__Supplied material__.
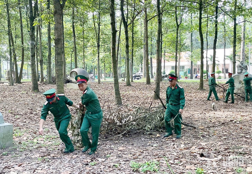 | Dọn vệ sinh khu di tích. |
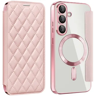 Coque portefeuille Phonesta Luxury Crystal Puffed avec MagSafe pour Samsung Galaxy S25 Plus/S24 Plus - Rose
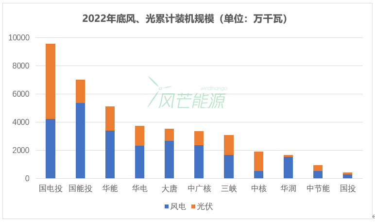 风芒能源不完全统计,2022年共释放1.4亿千瓦风电指标,有近20家央企获取了其中的60%。而98家在册国资委央企,已有近50家央企进入新能源领域,国有资本产业同质化严重。

__What the task asks__. Return the whole listing, word for word, and leave out every picture.

__Answer for the task__.
 | Dọn vệ sinh khu di tích. |
 Coque portefeuille Phonesta Luxury Crystal Puffed avec MagSafe pour Samsung Galaxy S25 Plus/S24 Plus - Rose
 风芒能源不完全统计,2022年共释放1.4亿千瓦风电指标,有近20家央企获取了其中的60%。而98家在册国资委央企,已有近50家央企进入新能源领域,国有资本产业同质化严重。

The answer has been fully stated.